A data engineering journey towards modernizing NHL data

Date: 05 Jun 2022
Tags: all-projects , data-engineering , python , singer , meltano , bigquery , dbt

This is first of a series of posts that delves into exploring, organizing, and modeling on public Hockey (NHL) data. I am one of the two developers of this work alongside my colleague Gavin He. I will occasionally cross-post the cool work we do within our “organization” (called the-data-base) here on fullstaxx.
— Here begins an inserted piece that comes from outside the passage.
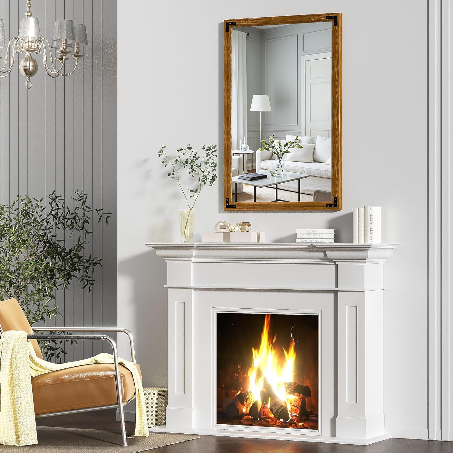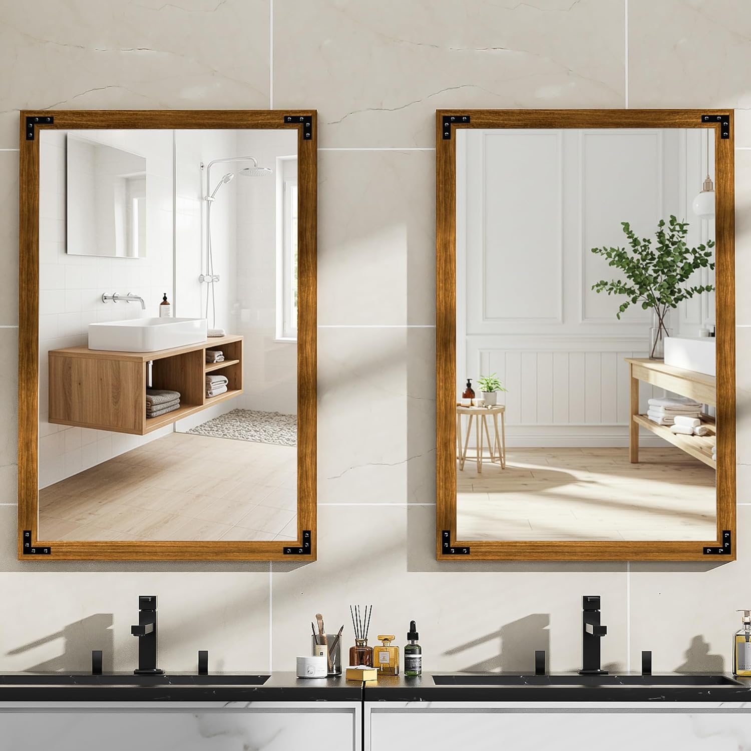 - Stylish Wood Frame: Featuring unique wood grain textures, this mirror enhances the farmhouse aesthetic, adding a touch of rustic charm to any space.

A modern application of data-engineering to enable data science on public Hockey (NHL) data for the purposes of learning & development

Introduction
Architecture
Setup
Resources
Developer contact

Introduction

The motivation behind this project was simple: make public hockey data available using modern technologies for the purposes of data-science & data-visualization. We wanted to be able to answer questions like…

Which players are most likely to have a breakout season next year?
Which draft prospects are most likely to succeed in the NHL?
How many goals should we expect from elite players like Connor McDavid or Auston Matthews next season?
Where on the ice are individual players most efficient with their shooting?

Architecture

In order to get to this state of-course, a lot of data-engineering was necessary. Below is a visual representation of the project architecture.

Miro project architecture

Data extraction

Currently, we only have a single source of data: the NHL Stats API. The Github repo that we built to extract the data is called tap-nhl. It is a Singer tap for the NHL Stats API.

Built with the Meltano Tap SDK for Singer Taps.

Below is a flow diagram explaining how it works:

Mermaid Plot

Resources

Repo: tap-nhl

Data transformation & loading

All of this work is contained within a Github repo called dbt-nhl-breakouts and uses dbt to model our raw data. It contains the source code used to transform raw nhl data from the NHL Stats API into analysis-ready models.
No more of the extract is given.